Data Analysis and Conclusions

The results indicate that AZA exhibits significant in vitro antibacterial activity against the Klebsiella pneumoniae complex, particularly against carbapenemase-producing and multidrug-resistant strains. This finding provides a new option for clinical treatment, especially in cases where existing antibiotics have limited efficacy.

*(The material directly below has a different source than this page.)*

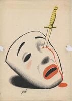 LA MONTAÑA. Sobre un fondo claro y en el dibujo firmado destaca la imagen de una máscara blanca con una gran boca roja, abierta y con una expresión dolorosa mientras un puñal está clavado en su ojo izquierdo del que además se desprende la sangre provocada por la herida.Prueba de imprenta. Ilustración realizada para la revista semanal Novelas y Cuentos. Titulo: La montaña. Autor: N. S. Lieskoy. Nº publicado: 961. Fecha: 09-10-1949.. Tomo NC.: 8.

The widespread use of AZA may help control the spread of infections caused by multidrug-resistant Klebsiella pneumoniae.

Research Highlights

  1. Broad Antibacterial Activity: AZA demonstrates excellent antibacterial activity against various resistant phenotypes of the Klebsiella pneumoniae complex, particularly against carbapenemase-producing and pandrug-resistant strains.
  2. Novel Antibiotic Combination: AZA combines the advantages of aztreonam and avibactam, effectively inhibiting various β-lactamases, especially showing resistance to metallo-β-lactamases.
  3. Potential for Clinical Application: The study provides strong support for the clinical application of AZA, particularly in treating infections caused by multidrug-resistant Klebsiella pneumoniae.

Significance and Value of the Research

The scientific value of this study lies in its systematic evaluation of AZA’s antibacterial activity against the Klebsiella pneumoniae complex, particularly its potential application against multidrug-resistant strains. The results offer clinicians a new treatment option, especially in cases where existing antibiotics are ineffective. Additionally, the study emphasizes the importance of continuous monitoring of antibiotic resistance to address the evolving challenges of bacterial resistance.

Additional Valuable Information

The study also notes that while AZA exhibits excellent in vitro antibacterial activity, its potential resistance mechanisms in clinical applications must be considered. For example, some strains producing carbapenemases or cephalosporinases may develop resistance to AZA. Therefore, future research should further explore the resistance mechanisms of AZA and develop corresponding strategies.

As a novel antibiotic combination, AZA offers new hope for treating infections caused by multidrug-resistant Klebsiella pneumoniae. Its broad application prospects and significant antibacterial activity make it an important direction for future antibiotic development.